Nur sinngemässe Anwendung Auch wenn die ausdrücklich genannten Bestimmungen angewendet werden, soll dies immer nur sinngemäss erfolgen, d.h. entsprechend dem Sinn und den besondern Grundsätzen des Jugendstrafrechts (Art.1 Abs.3 JStG). Insbesondere sind das Alter und der Entwicklungsstand zu Gunsten des Jugendlichen zu berücksichtigen (z.B. weniger strenge Massstäbe bei der Beurteilung von Sorgfaltspflichten oder bei der Vermeidung eines Verbotsirrtums).

3. Unterschiedliche Modelle In der rechtsvergleichenden Literatur ist es üblich, zwischen einem Wohlfahrtsmodell (oder Erziehungsmodell) und einem Justizmodell zu unterscheiden. In neuerer Zeit werden teilweise auch die Restorative Justice[1] und die Diversion[2] als Modelle bezeichnet, doch finden beide nur bei leichterer Delinquenz Anwendung und betreffen somit nur Teilgebiete. Zudem lassen sie sich sowohl mit einem Wohlfahrts- als auch mit einem Justizmodell verbinden. Weidkuhn[3] verwendet den Begriff „Kinderrechtsmodell“ für ein Jugendstrafrecht, das sich vor allem am Regelungsmodell der internationalen Konventionen orientiert. Da das internationale Recht unabhängig von der Modellfrage Eingang in die nationale Gesetzgebung finden sollte, stellt es jedoch eher eine übergeordnete Struktur als ein Modell dar. [1] z.B. Holderegger S.4 [2] z.B. Weidkuhn S.12 f. [3] Weidkuhn S.16 f.

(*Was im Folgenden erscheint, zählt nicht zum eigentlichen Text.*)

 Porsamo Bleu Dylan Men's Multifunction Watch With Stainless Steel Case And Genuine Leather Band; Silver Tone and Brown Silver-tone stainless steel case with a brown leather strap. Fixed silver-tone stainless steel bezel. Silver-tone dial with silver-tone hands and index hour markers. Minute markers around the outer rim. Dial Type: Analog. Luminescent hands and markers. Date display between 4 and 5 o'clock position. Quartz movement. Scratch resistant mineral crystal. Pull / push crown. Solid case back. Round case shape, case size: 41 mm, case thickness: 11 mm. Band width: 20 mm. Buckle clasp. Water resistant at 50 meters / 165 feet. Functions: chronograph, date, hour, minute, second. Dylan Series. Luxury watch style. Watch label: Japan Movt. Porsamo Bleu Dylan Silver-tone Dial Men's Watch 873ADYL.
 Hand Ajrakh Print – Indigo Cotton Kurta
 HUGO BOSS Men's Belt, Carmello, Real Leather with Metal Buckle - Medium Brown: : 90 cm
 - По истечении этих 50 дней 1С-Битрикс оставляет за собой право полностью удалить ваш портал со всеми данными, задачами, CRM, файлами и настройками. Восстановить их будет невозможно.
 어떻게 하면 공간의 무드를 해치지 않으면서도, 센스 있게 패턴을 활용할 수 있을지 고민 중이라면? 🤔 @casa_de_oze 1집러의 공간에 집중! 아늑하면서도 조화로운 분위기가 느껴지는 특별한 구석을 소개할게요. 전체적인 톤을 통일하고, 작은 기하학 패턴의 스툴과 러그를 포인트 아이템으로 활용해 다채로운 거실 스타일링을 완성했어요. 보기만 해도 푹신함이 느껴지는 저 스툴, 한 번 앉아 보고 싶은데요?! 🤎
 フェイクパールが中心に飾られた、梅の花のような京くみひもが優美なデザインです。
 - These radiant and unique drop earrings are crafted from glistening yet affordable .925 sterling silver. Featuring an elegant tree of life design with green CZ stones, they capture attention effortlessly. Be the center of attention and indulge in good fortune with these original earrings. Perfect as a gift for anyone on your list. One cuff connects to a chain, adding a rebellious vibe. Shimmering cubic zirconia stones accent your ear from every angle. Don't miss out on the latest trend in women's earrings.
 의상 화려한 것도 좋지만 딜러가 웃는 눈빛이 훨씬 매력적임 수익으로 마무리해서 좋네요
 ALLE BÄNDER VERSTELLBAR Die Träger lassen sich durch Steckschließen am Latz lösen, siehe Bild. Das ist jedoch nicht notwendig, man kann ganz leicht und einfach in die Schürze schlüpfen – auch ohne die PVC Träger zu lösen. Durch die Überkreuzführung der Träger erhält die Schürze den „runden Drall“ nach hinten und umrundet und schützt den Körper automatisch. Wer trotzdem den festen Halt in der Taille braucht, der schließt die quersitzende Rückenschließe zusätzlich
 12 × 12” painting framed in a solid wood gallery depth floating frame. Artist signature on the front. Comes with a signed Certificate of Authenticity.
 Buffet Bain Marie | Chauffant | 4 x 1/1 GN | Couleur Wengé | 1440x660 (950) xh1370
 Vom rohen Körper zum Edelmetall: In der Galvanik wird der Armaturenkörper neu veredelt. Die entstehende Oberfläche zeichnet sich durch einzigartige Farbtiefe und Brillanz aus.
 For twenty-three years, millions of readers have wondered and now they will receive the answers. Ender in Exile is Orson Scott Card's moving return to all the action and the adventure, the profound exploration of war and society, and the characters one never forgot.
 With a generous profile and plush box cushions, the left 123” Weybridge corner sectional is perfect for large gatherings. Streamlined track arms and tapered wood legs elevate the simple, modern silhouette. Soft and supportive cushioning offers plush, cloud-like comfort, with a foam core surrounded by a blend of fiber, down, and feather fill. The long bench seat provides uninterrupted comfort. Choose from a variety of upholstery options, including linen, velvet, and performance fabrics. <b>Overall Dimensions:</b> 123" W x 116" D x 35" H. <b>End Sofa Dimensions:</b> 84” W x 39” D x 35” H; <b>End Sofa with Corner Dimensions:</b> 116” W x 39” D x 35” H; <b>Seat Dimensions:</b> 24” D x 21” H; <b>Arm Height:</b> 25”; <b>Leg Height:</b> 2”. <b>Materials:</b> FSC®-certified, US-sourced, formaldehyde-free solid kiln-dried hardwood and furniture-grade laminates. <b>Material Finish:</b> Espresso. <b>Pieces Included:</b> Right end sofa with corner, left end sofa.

Wohlfahrts- oder Erziehungsmodell Im Wohlfahrtsmodell (social welfare model), auch Erziehungsmodell genannt, stehen weniger die Straftat und das Verschulden, sondern stärker die Person des Jugendlichen und seine Bedürfnisse nach erzieherischer oder therapeutischer Einwirkung im Vordergrund. Die Entscheidungsträger sind pädagogisch motiviert, sie verfolgen das Ziel, durch individualisierte Sanktionen eine Korrektur des Fehlverhaltens zu bewirken. Die angestrebte Wirkung ist wichtiger als die Anknüpfung an die Tat. Typisch sind deshalb offene oder unbestimmte Sanktionen, die in einem wenig förmlichen Verfahren festgelegt werden.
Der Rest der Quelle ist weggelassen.